Extracted data:

--

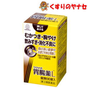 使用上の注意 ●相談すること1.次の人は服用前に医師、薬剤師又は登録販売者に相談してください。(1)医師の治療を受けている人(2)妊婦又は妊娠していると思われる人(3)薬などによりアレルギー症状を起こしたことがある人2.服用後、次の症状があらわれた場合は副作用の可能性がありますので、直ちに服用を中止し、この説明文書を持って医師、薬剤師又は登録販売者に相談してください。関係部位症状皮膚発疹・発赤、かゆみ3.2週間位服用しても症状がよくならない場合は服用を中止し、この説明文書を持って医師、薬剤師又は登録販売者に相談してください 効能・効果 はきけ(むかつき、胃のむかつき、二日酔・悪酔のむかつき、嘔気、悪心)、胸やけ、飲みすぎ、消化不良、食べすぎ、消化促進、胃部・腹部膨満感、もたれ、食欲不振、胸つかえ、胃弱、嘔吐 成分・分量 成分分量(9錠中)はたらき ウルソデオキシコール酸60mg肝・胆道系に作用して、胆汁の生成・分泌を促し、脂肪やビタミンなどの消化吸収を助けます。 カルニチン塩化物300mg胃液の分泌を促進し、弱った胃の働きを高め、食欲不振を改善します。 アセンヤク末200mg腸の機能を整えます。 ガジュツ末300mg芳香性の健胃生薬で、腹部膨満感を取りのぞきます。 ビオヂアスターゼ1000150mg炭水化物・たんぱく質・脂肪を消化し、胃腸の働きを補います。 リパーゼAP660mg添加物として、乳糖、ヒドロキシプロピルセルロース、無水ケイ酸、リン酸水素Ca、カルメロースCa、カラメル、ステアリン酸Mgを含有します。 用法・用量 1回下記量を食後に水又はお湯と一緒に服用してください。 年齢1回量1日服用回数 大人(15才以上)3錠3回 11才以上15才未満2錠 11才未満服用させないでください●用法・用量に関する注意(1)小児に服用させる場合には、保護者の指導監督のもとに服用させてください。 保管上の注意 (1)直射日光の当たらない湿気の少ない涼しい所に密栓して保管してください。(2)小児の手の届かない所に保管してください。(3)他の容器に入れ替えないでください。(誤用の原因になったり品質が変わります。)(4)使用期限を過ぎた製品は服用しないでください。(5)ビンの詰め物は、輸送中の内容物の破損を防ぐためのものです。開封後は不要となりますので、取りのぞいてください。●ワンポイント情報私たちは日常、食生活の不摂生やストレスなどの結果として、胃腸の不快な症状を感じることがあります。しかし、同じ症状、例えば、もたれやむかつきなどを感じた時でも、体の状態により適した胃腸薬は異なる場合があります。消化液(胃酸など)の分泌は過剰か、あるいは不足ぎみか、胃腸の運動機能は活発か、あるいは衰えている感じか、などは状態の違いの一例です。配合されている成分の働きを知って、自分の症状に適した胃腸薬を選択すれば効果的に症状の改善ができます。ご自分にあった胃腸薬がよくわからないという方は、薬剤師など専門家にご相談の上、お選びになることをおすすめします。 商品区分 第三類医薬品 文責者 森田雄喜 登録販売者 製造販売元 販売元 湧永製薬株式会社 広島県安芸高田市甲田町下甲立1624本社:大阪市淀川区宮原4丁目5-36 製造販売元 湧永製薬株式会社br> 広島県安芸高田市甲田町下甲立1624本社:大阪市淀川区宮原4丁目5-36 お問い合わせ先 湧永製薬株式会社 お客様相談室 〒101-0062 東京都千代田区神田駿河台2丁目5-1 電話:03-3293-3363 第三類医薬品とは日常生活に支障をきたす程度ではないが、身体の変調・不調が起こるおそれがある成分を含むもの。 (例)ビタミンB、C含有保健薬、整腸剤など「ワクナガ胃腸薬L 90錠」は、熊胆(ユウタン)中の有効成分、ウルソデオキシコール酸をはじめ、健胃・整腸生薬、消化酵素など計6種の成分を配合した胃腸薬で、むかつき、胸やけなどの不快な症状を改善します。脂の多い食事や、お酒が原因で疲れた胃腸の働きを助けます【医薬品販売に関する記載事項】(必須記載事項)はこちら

--

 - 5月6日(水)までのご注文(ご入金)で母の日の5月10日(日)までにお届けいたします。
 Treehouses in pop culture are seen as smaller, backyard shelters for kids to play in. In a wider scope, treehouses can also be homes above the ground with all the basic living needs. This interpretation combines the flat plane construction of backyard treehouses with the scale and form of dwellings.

--

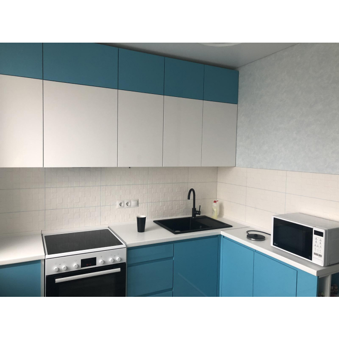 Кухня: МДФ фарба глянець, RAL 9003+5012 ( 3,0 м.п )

--

Search the listing above for the lines with "- 5月6日(水)までのご注" and "Treehouses in pop", then output those lines and all lines between them exactly.

 - 5月6日(水)までのご注文(ご入金)で母の日の5月10日(日)までにお届けいたします。
 Treehouses in pop culture are seen as smaller, backyard shelters for kids to play in. In a wider scope, treehouses can also be homes above the ground with all the basic living needs. This interpretation combines the flat plane construction of backyard treehouses with the scale and form of dwellings.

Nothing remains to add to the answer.